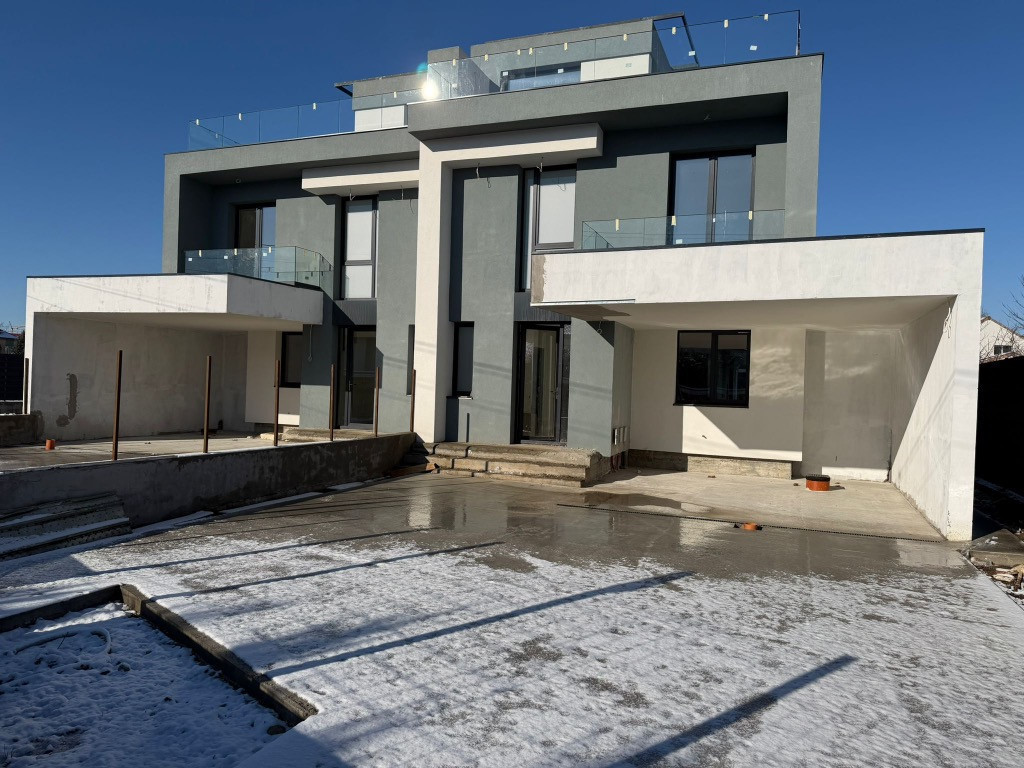 Otopeni Villas este un proiect rezidențial de lux situat pe Strada Oașului 54, Otopeni, la doar 450 de metri de viitoarea stație de metrou M6 - Bruxelles. Cele 6 case eficiente energetic oferă familiilor un cămin confortabil, fiind dotate cu tehnologii smart și pompe de căldură care folosesc energia regenerabilă a pământului, asigurând costuri reduse cu încălzirea. Zona este bine conectată la toate punctele de interes ale orașului, inclusiv malluri, aeroport și parcuri de distracții. Alege una din cele 6 vile de lux și te vei simți ca în vacanță în fiecare zi. Vile premium P+1 str. Oasului nr. 54, la 450 m de Metrou 6 - Statia Bruxelles. Vila nr.1 S. utila interior - 111.62 mp + terasa parter 22 mp + terasa rooftop - 60 mp = 193.62 mp Teren 212 mp, teren liber = 144.80 mp
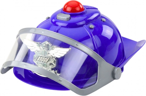 Include 9 accesorii esențiale: cască, cătușe cu chei, pistol, binoclu, stație walkie-talkie, baston, insignă și scut de protecție. Totul într-o culoare albastru închis elegantă, cu detalii argintii și negre. Setul susține creativitatea, colaborarea cu colegii de joacă și dezvoltarea abilităților de comunicare.
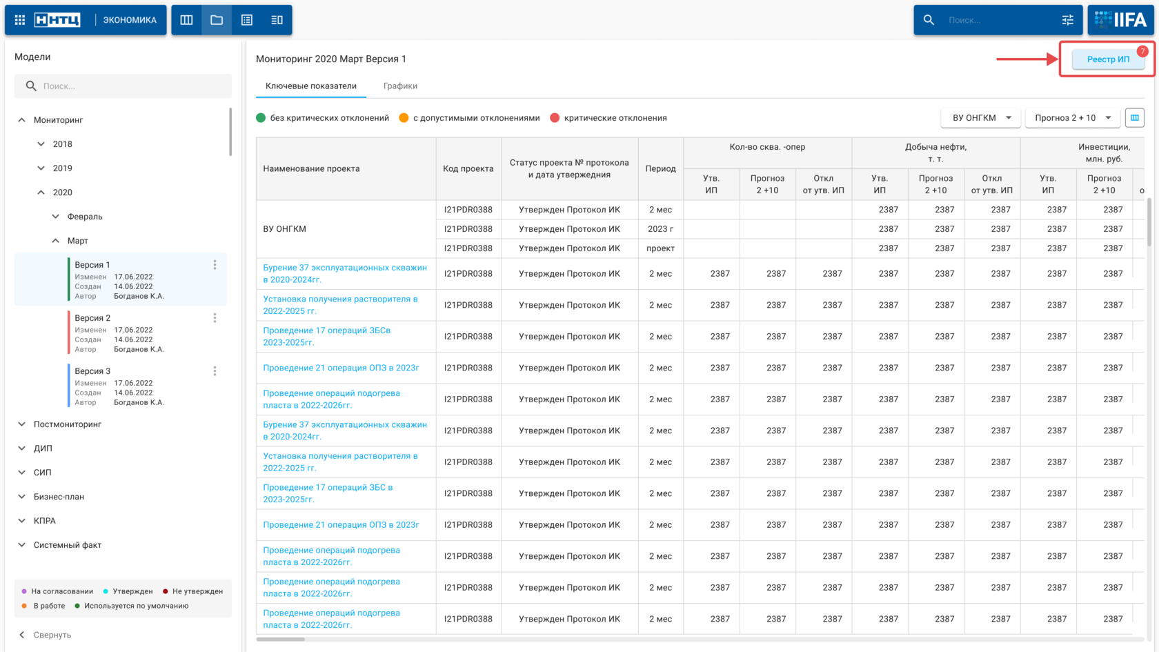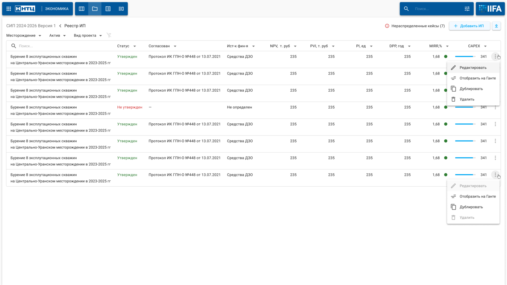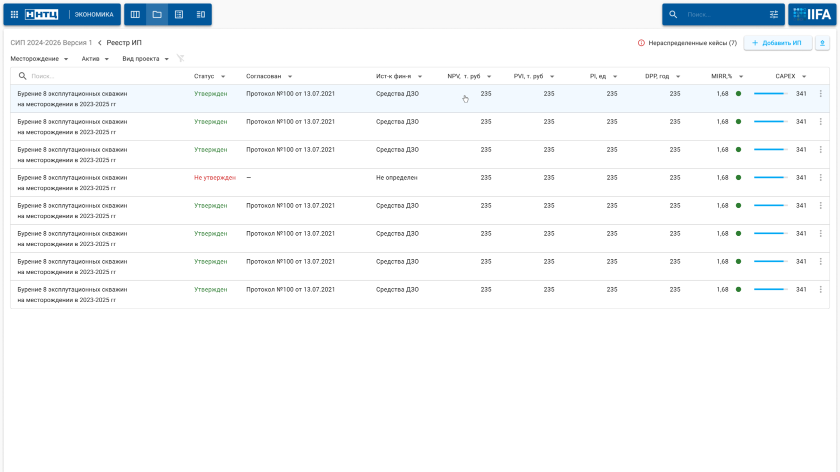 В реестре ИП хранятся инвестиционные проекты. Для каждого инвестиционного проекта указаны статус (для Мониторинга статус «утвержден»), источник финансирования, NPV, PVI, PI, DPP, MIRR, CAPEX.
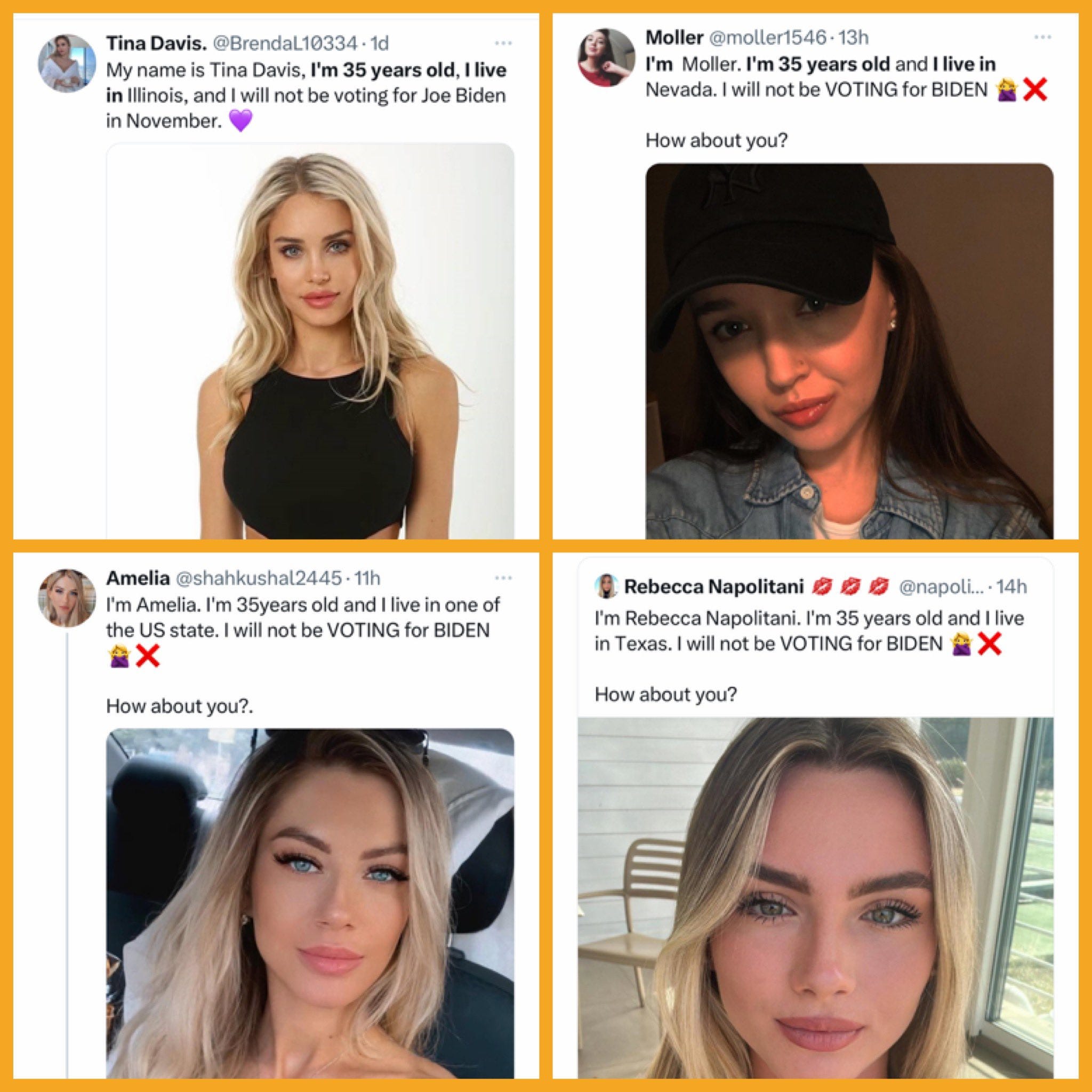 But then someone noticed that “Amelia's” message is way similar to three other posts that were supposedly made by other 35-year-old women saying that they won't be voting for Biden.
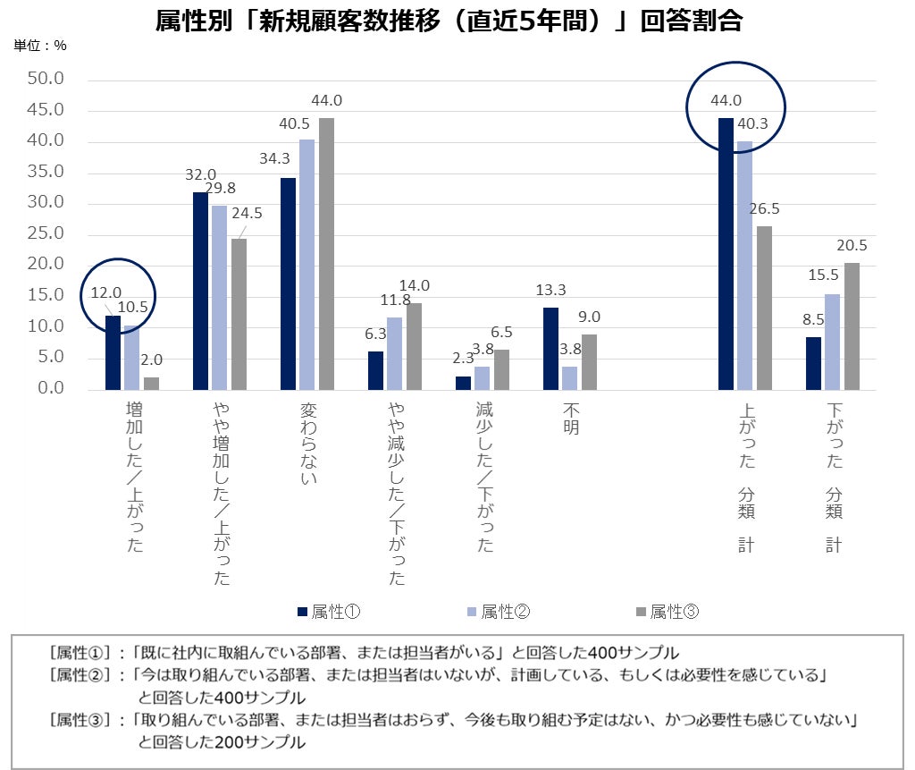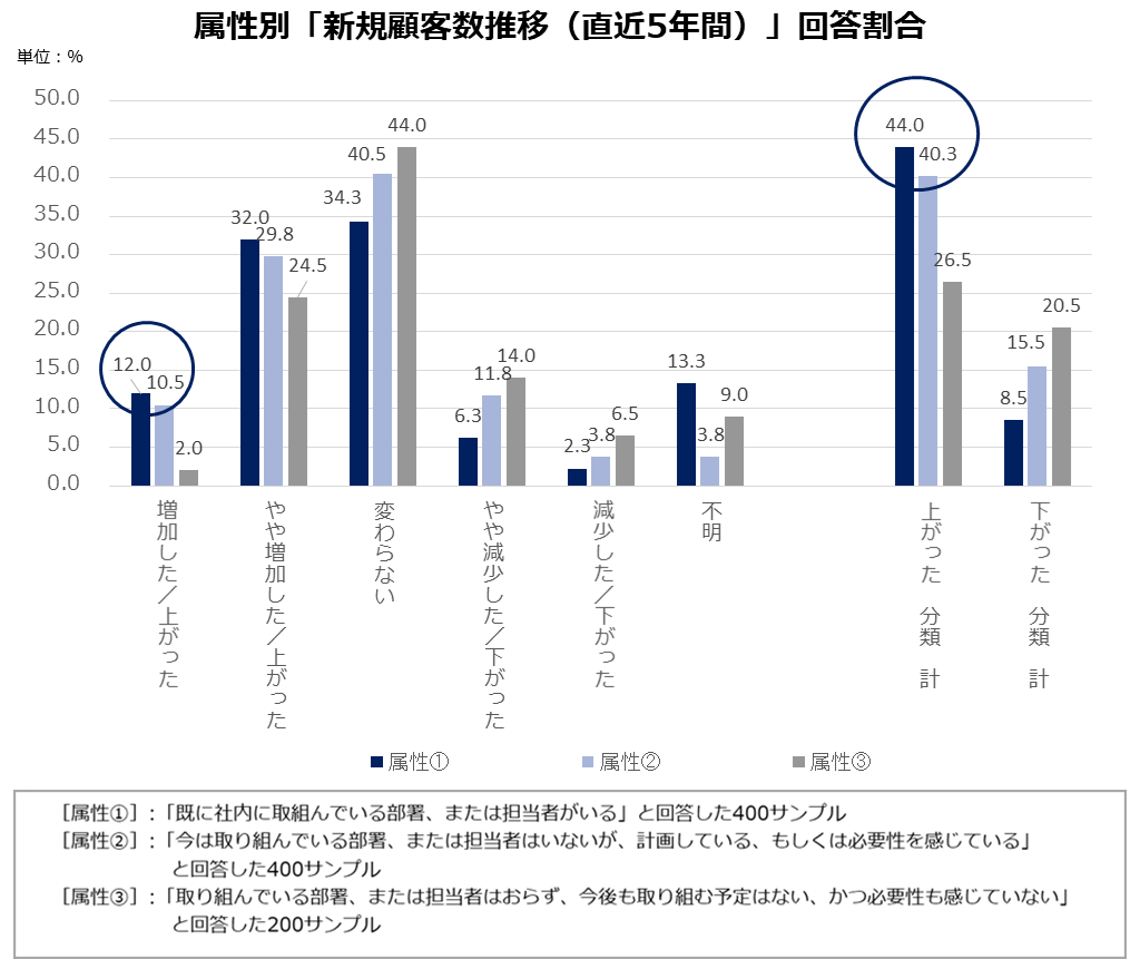 直近5年間の「新規顧客数」推移のまとめとしては、属性①②の「増加した/上がった」回答割合が[属性③]と比べて顕著に高く、加えて属性①②の「上がった 分類 計」回答割合が属性③に比べて顕著に高く、属性①②と属性③に大きな違いが見受けられました。
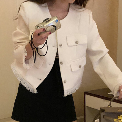 슈팅스타 / 태슬 소매 밑단 트랜디 트위드 자켓 160173
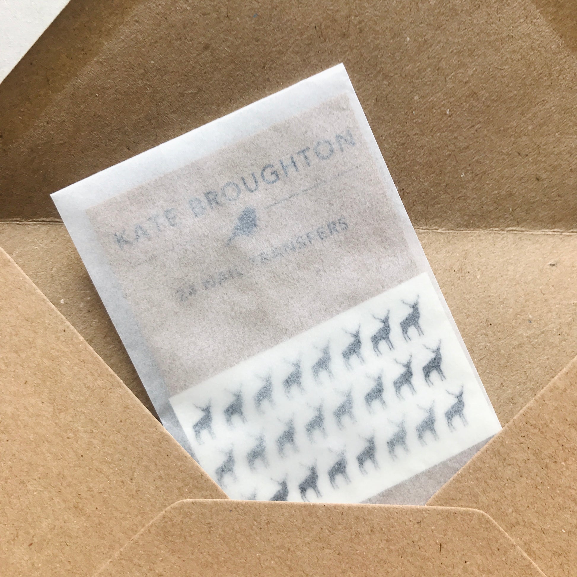I have made these nail transfers from my original deer drawing, there are 24 to cut out from the sheet, and they look great on bare nails or over coloured varnish.
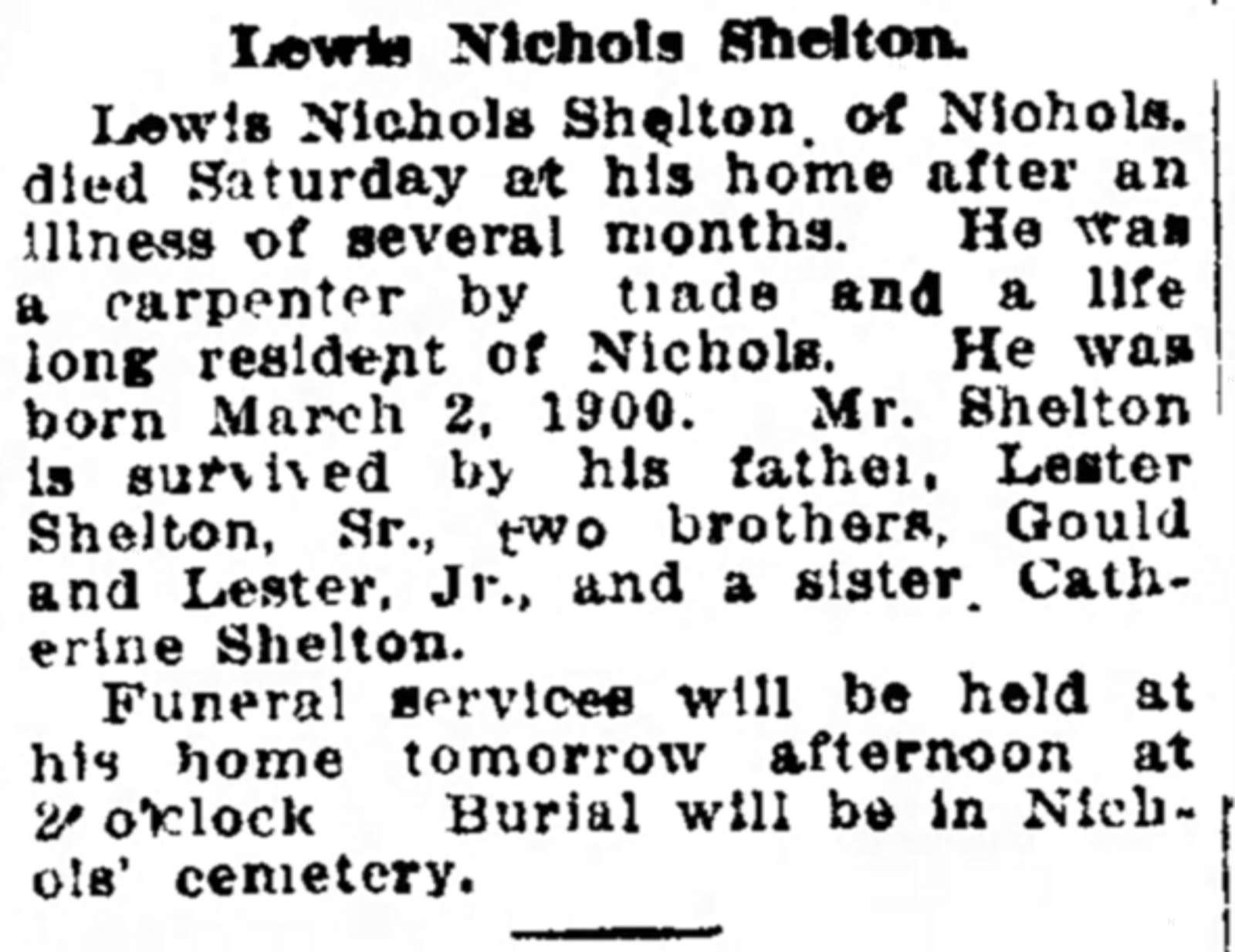 - Lewis Nichols Shelton died on 20 December 1925 in Trumbull, Connecticut, at age 25.1
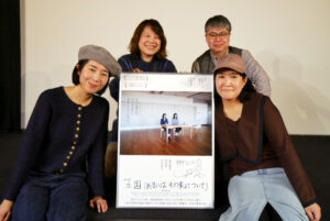 『王国(あるいはその家について)』2/11(日)の上映後に草野なつか監督、澁谷麻美さんの舞台挨拶を開催しました。愛知芸術文化センター・愛知県美術館の助成を受けて制作された本作。この助成金にはテーマが「身体」であることがあらかじめ決まっており、長編第一作にあたる『螺旋銀河』で「役者の”身体”と向き合いきれなかった」という後悔から「役者の身体」がテーマになったそうです。役者自身が役柄に変わる瞬間を見届けたいという思いからリハーサルのシーンが繰り返される映画。たくさんのシーンがあるシナリオからスタッフみんなで「物語が動くシーン」「セリフのやりとりがあるシーン」「感情が動くシーン」を抽出して何度も繰り返したリハーサルが本編にはおさめられています。出演する澁谷さんにとっては、最初に完成したこの映画を見た時に「リハーサルと本番が決定的に違う」ということを見せつけられることはある種ショックでもあったそう。撮影から7年間公開されないことに内心ホッとしてる部分もあった中、今回の本公開でたくさんの人がこの作品を観て受け止めてくれていて、「少し心が軽くなった」とおっしゃられていました。シナリオブックの購買率も高く、遅い時間でしたが舞台挨拶後のサイン会でもお客様それぞれが思い思いの感想や質問をお二人に投げかけていたのが印象的でした。
+===+
[Goal of the exercise]
In your copy, include no pictures, but reproduce all records exactly.

[Your response]
 Otopeni Villas este un proiect rezidențial de lux situat pe Strada Oașului 54, Otopeni, la doar 450 de metri de viitoarea stație de metrou M6 - Bruxelles. Cele 6 case eficiente energetic oferă familiilor un cămin confortabil, fiind dotate cu tehnologii smart și pompe de căldură care folosesc energia regenerabilă a pământului, asigurând costuri reduse cu încălzirea. Zona este bine conectată la toate punctele de interes ale orașului, inclusiv malluri, aeroport și parcuri de distracții. Alege una din cele 6 vile de lux și te vei simți ca în vacanță în fiecare zi. Vile premium P+1 str. Oasului nr. 54, la 450 m de Metrou 6 - Statia Bruxelles. Vila nr.1 S. utila interior - 111.62 mp + terasa parter 22 mp + terasa rooftop - 60 mp = 193.62 mp Teren 212 mp, teren liber = 144.80 mp
 Include 9 accesorii esențiale: cască, cătușe cu chei, pistol, binoclu, stație walkie-talkie, baston, insignă și scut de protecție. Totul într-o culoare albastru închis elegantă, cu detalii argintii și negre. Setul susține creativitatea, colaborarea cu colegii de joacă și dezvoltarea abilităților de comunicare.
 В реестре ИП хранятся инвестиционные проекты. Для каждого инвестиционного проекта указаны статус (для Мониторинга статус «утвержден»), источник финансирования, NPV, PVI, PI, DPP, MIRR, CAPEX.
 But then someone noticed that “Amelia's” message is way similar to three other posts that were supposedly made by other 35-year-old women saying that they won't be voting for Biden.
 直近5年間の「新規顧客数」推移のまとめとしては、属性①②の「増加した/上がった」回答割合が[属性③]と比べて顕著に高く、加えて属性①②の「上がった 分類 計」回答割合が属性③に比べて顕著に高く、属性①②と属性③に大きな違いが見受けられました。
 슈팅스타 / 태슬 소매 밑단 트랜디 트위드 자켓 160173
I have made these nail transfers from my original deer drawing, there are 24 to cut out from the sheet, and they look great on bare nails or over coloured varnish.
 - Lewis Nichols Shelton died on 20 December 1925 in Trumbull, Connecticut, at age 25.1
 『王国(あるいはその家について)』2/11(日)の上映後に草野なつか監督、澁谷麻美さんの舞台挨拶を開催しました。愛知芸術文化センター・愛知県美術館の助成を受けて制作された本作。この助成金にはテーマが「身体」であることがあらかじめ決まっており、長編第一作にあたる『螺旋銀河』で「役者の”身体”と向き合いきれなかった」という後悔から「役者の身体」がテーマになったそうです。役者自身が役柄に変わる瞬間を見届けたいという思いからリハーサルのシーンが繰り返される映画。たくさんのシーンがあるシナリオからスタッフみんなで「物語が動くシーン」「セリフのやりとりがあるシーン」「感情が動くシーン」を抽出して何度も繰り返したリハーサルが本編にはおさめられています。出演する澁谷さんにとっては、最初に完成したこの映画を見た時に「リハーサルと本番が決定的に違う」ということを見せつけられることはある種ショックでもあったそう。撮影から7年間公開されないことに内心ホッとしてる部分もあった中、今回の本公開でたくさんの人がこの作品を観て受け止めてくれていて、「少し心が軽くなった」とおっしゃられていました。シナリオブックの購買率も高く、遅い時間でしたが舞台挨拶後のサイン会でもお客様それぞれが思い思いの感想や質問をお二人に投げかけていたのが印象的でした。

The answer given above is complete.